* _PROMPT_: Pictures in the entries below are excluded; copy only the lines from the one containing "Champagneglas från Zweisel" to the one containing "厂家断码处理2024春新款真皮女鞋圆头粗跟系带深口牛皮舒适女单鞋", both included.

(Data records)

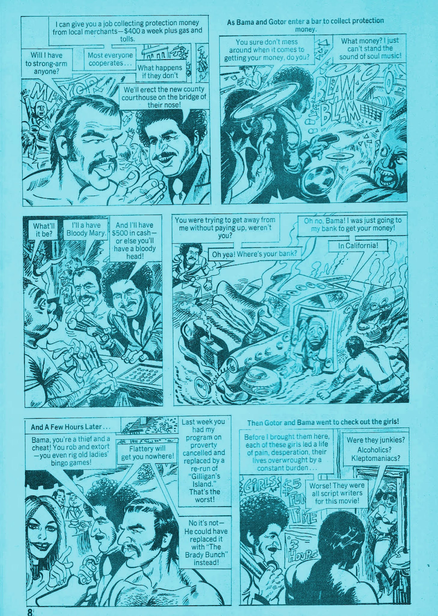 Gator is now living in the swamp with his daughter and father. Initially he eludes the law but agrees to cooperate under the threat of losing his family. He meets Bama, who looks more like Gabe Kaplan here, at a rally for the governor's challenger.
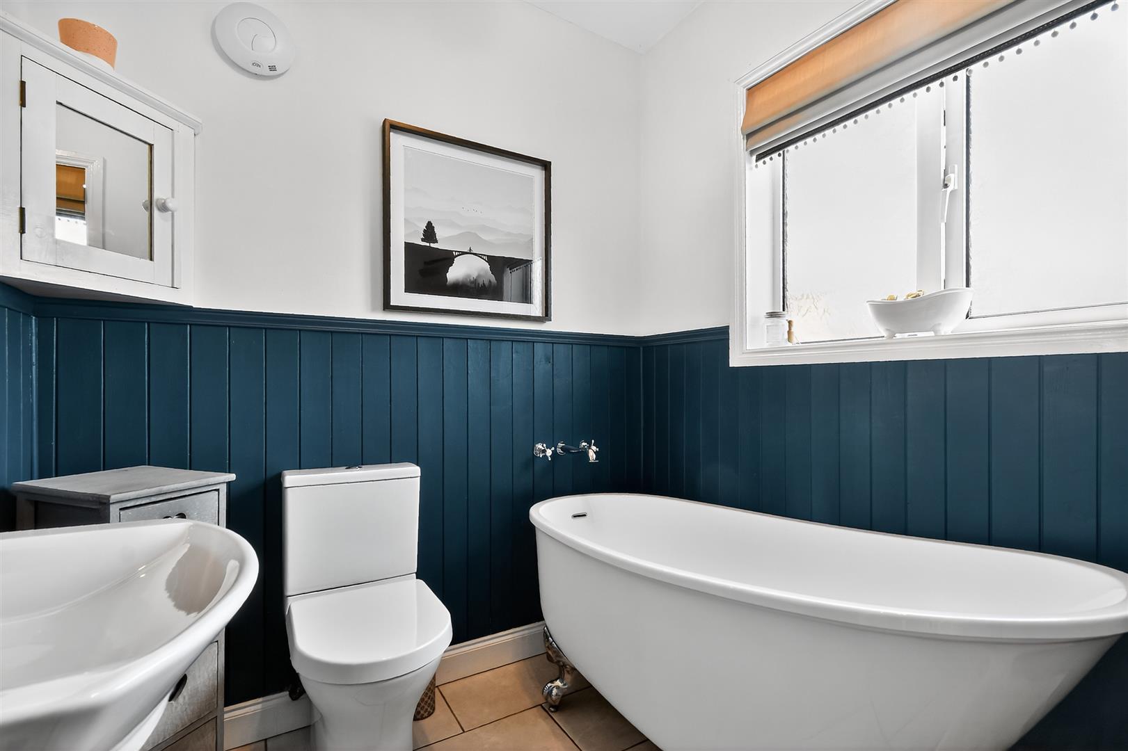 House Bathroom - Opaque window to rear, roll top bath, wash hand basin, low level w.c., column radiator, tiled flooring, extractor fan
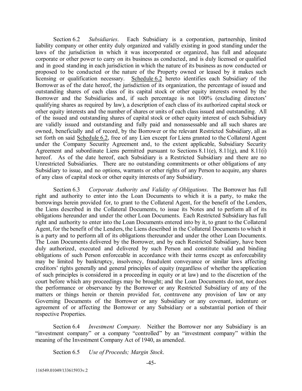 -45- 116549.01049/133615933v.2 Section 6.2 Subsidiaries. Each Subsidiary is a corporation, partnership, limited liability company or other entity duly organized and validly existing in good standing under the laws of the jurisdiction in which it was incorporated or organized, has full and adequate corporate or other power to carry on its business as conducted, and is duly licensed or qualified and in good standing in each jurisdiction in which the nature of its business as now conducted or proposed to be conducted or the nature of the Property owned or leased by it makes such licensing or qualification necessary. Schedule 6.2 hereto identifies each Subsidiary of the Borrower as of the date hereof, the jurisdiction of its organization, the percentage of issued and outstanding shares of each class of its capital stock or other equity interests owned by the Borrower and the Subsidiaries and, if such percentage is not 100% (excluding directors’ qualifying shares as required by law), a description of each class of its authorized capital stock or other equity interests and the number of shares or units of each class issued and outstanding. All of the issued and outstanding shares of capital stock or other equity interest of each Subsidiary are validly issued and outstanding and fully paid and nonassessable and all such shares are owned, beneficially and of record, by the Borrower or the relevant Restricted Subsidiary, all as set forth on said Schedule 6.2, free of any Lien except for Liens granted to the Collateral Agent under the Company Security Agreement and, to the extent applicable, Subsidiary Security Agreement and subordinate Liens permitted pursuant to Sections 8.11(e), 8.11(g), and 8.11(i) hereof. As of the date hereof, each Subsidiary is a Restricted Subsidiary and there are no Unrestricted Subsidiaries. There are no outstanding commitments or other obligations of any Subsidiary to issue, and no options, warrants or other rights of any Person to acquire, any shares of any class of capital stock or other equity interests of any Subsidiary. Section 6.3 Corporate Authority and Validity of Obligations. The Borrower has full right and authority to enter into the Loan Documents to which it is a party, to make the borrowings herein provided for, to grant to the Collateral Agent, for the benefit of the Lenders, the Liens described in the Collateral Documents, to issue its Notes and to perform all of its obligations hereunder and under the other Loan Documents. Each Restricted Subsidiary has full right and authority to enter into the Loan Documents entered into by it, to grant to the Collateral Agent, for the benefit of the Lenders, the Liens described in the Collateral Documents to which it is a party and to perform all of its obligations thereunder and under the other Loan Documents. The Loan Documents delivered by the Borrower, and by each Restricted Subsidiary, have been duly authorized, executed and delivered by such Person and constitute valid and binding obligations of such Person enforceable in accordance with their terms except as enforceability may be limited by bankruptcy, insolvency, fraudulent conveyance or similar laws affecting creditors’ rights generally and general principles of equity (regardless of whether the application of such principles is considered in a proceeding in equity or at law) and to the discretion of the court before which any proceedings may be brought; and the Loan Documents do not, nor does the performance or observance by the Borrower or any Restricted Subsidiary of any of the matters or things herein or therein provided for, contravene any provision of law or any Governing Documents of the Borrower or any Subsidiary or any covenant, indenture or agreement of or affecting the Borrower or any Subsidiary or a substantial portion of their respective Properties. Section 6.4 Investment Company. Neither the Borrower nor any Subsidiary is an “investment company” or a company “controlled” by an “investment company” within the meaning of the Investment Company Act of 1940, as amended. Section 6.5 Use of Proceeds; Margin Stock.
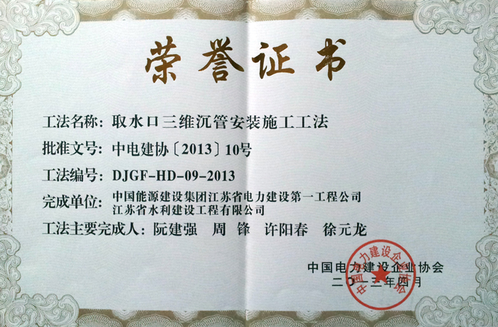 本站讯,2013年,世俱杯网页版登录入口有两项工法被评为省部级工法:由世俱杯网页版登录入口句容电厂取排水项目部与省电建一世俱杯网页版登录入口联合申报,在华能金陵燃气电厂、南京热电厂和句容电厂工程中实施的“取水口三维沉管安装施工工法”被中国电力建设企业协会评为“中国电力建设工法”;由省水机世俱杯网页版登录入口在南京三汊河口闸工程中实施的“超大型护镜闸门移位安装工法”被中国水利工程协会评为“水利水电工程建设工法”。
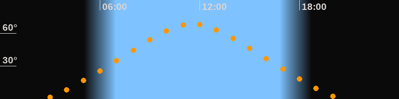 | Höchster Stand (Kulmination) | 11:34 Uhr (h = 68,4°) |
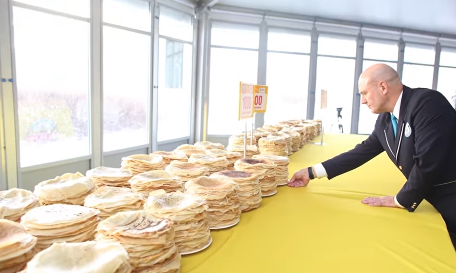 La categoria dulciuri, nu e vorba de o cofetarie Bucuresti, deși ne-am fi gândit că e o variantă, având în vedere ce populare sunt deserturile în România. Rușii sunt cei care dețin recordul la clătite. „Săptămâna clătitelor” din Rusia a fost celebrată în 2017 cu aproape 13.000 de clătite. 16 bucătari au muncit o zi întreagă într-o piață din Moscova pentru a crea preparatele pe loc. Efortul lor a meritat, fiind răsplătit cu recunoașterea mondială.
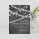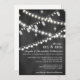 Un conjunto de pizarra de moda establece el telón de fondo para esta invitación después de la boda junto con hilos de luces blancas caprichosas y románticas y frascos de mason. Las luces blancas brillantes y estrelladas están de moda para las invitaciones de la fiesta después de la boda de esta temporada, y la tipografía moderna y limpia se combina con el diseño chic que hace que esta sea la invitación perfecta después de la boda. Personalice fácilmente esta invitación de boda moderna utilizando las plantillas dadas. Esta invitación es perfecta para lugares rústicos, de jardín, granero o al aire libre. Las novias que hacen manualidades amarán esta opción consciente del presupuesto sin sacrificar el estilo o la calidad. ¡No olvide las tarjetas de respuesta de RSVP coordinadas, notas de agradecimiento y franqueo!
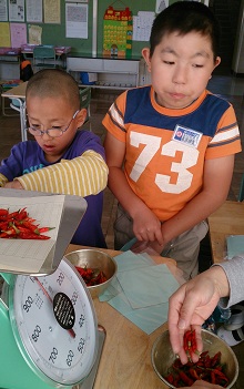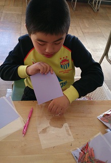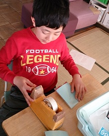 作業はみんなで手分けして行いました。計量器で量りとる人、ビニル袋に台紙を入れる人、
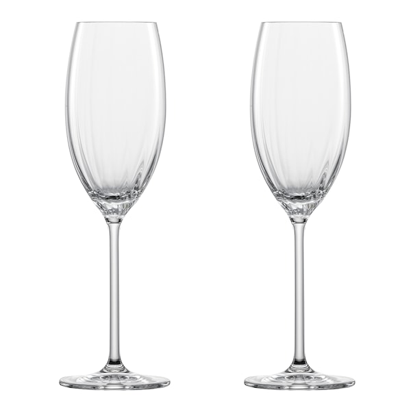 Champagneglas från Zweisel och serien Prizma. Prizma är designad för att erbjuda den högsta nivån av sensorisk njutning genom att ge vin tillräckligt med utrymme för att utveckla sin fulla arom. Prizma champagneglas skapar garanterat en sprudlande upplevelse.
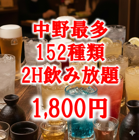 【単品飲み放題】ドリンク100種以上♪2時間1800円!ご一緒に串物がおすすめ◎※週末祝前+500円となります
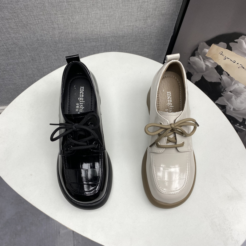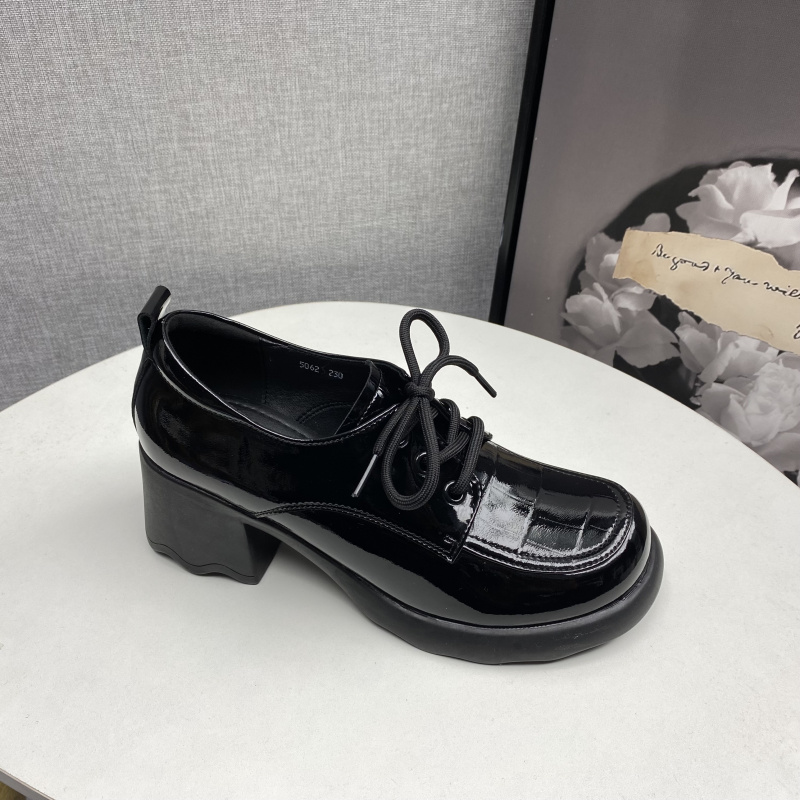 厂家断码处理2024春新款真皮女鞋圆头粗跟系带深口牛皮舒适女单鞋
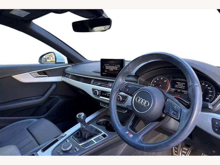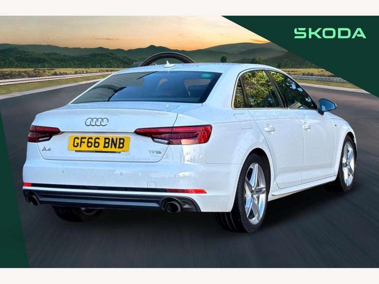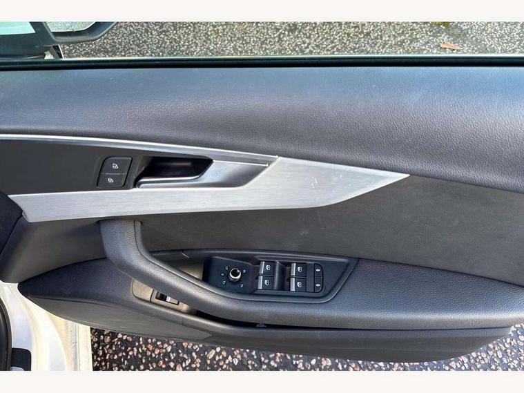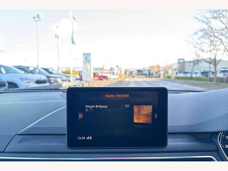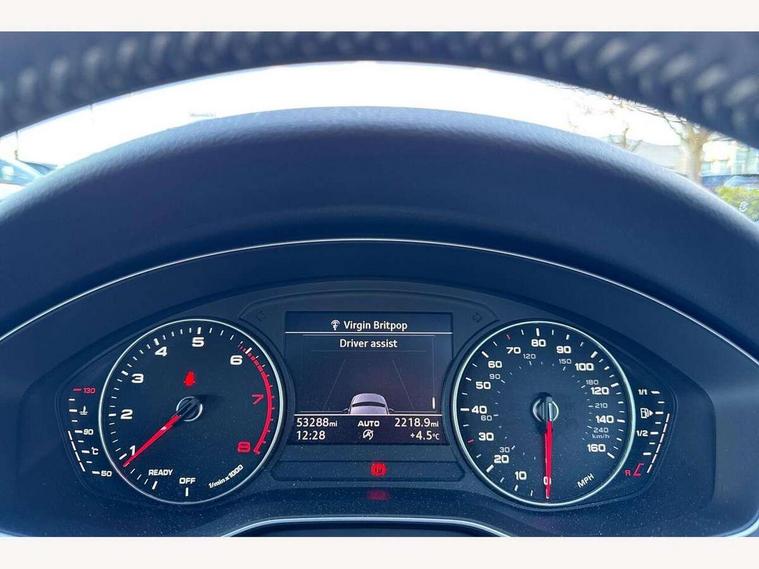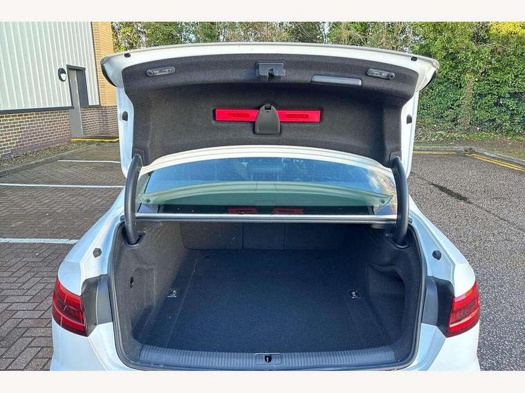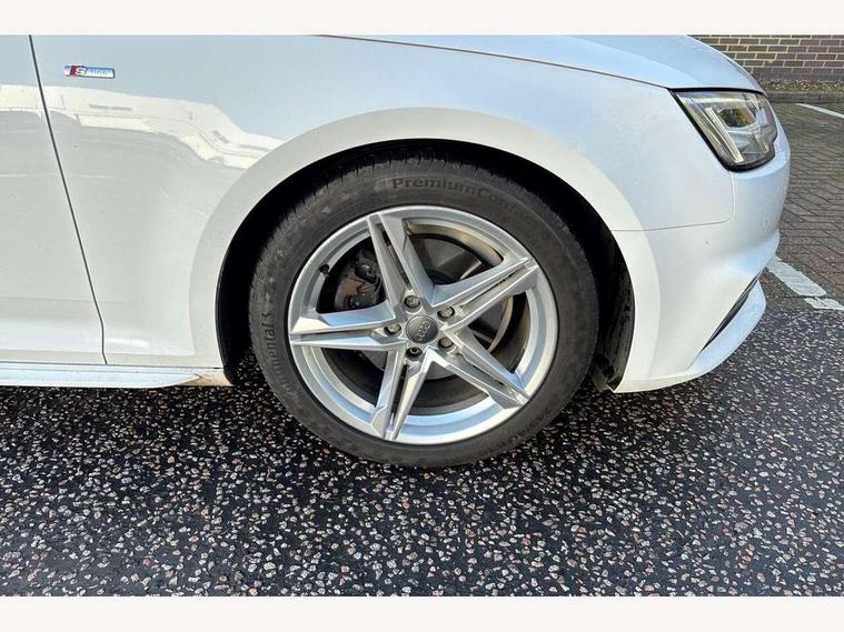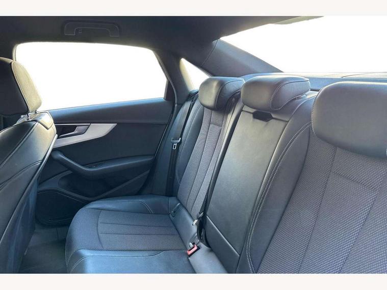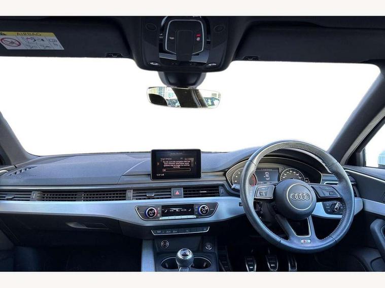 Audi drive select, Audi Pre sense collision avoidance, Audi smartphone interface, Auto boot lid opening, Electro-mechanical PAS, Service interval indicator, Stop/start button, Voice control system, 2 USB ports, Aux input, DAB digital radio module, MMI radio plus with CD player, Acoustic windscreen, Air inlets in titan black with two horizontal inlays in chrome, Auto dimming rear view mirror, Automatic headlights + automatic windscreen wipers, Body colour bumpers, Chrome door handles, Chrome rolled exhaust, Electric adjustable heated door mirrors, Electric front windows, Electric rear windows, Headlight range control, LED daytime running lights, LED indicators in door mirrors, Rear diffuser in Twilight grey matt, Roof spoiler, 3 zone climate control, Black cloth headlining, Front centre armrest with 12v socket, Front sport seats, Front/rear floor mats, Illuminated door sill finishers, Isofix child seat preparation for front passenger/outer rear seats inc passenger airbag deactivation, Jack and tool kit, Perforated leather gearknob, Reach + rake adjustable steering column, Rear headrests, Split folding rear seats, Stainless steel foot rest, Stainless steel pedals, Sunvisors with vanity mirrors, Top tether anchor plate for isofix child seat, S line exterior styling pack - A4 Saloon, 3 point seatbelts on all rear seats, ABS/EBD, Adaptive driver and front passenger airbags, Electromechanical parking brake, ESP, First aid kit, Front head airbags, Front seatbelt pretensioners + load limiters, Front side airbags, Seatbelt warning, Traction control, Tyre pressure monitoring system, Warning triangle, Keyless Start, Locking wheel bolts, Remote central locking, Thatcham category 1 alarm + immobiliser, Space saver spare wheel,

* _EXERCISE RESULT_:
 Champagneglas från Zweisel och serien Prizma. Prizma är designad för att erbjuda den högsta nivån av sensorisk njutning genom att ge vin tillräckligt med utrymme för att utveckla sin fulla arom. Prizma champagneglas skapar garanterat en sprudlande upplevelse.
 【単品飲み放題】ドリンク100種以上♪2時間1800円!ご一緒に串物がおすすめ◎※週末祝前+500円となります
 厂家断码处理2024春新款真皮女鞋圆头粗跟系带深口牛皮舒适女单鞋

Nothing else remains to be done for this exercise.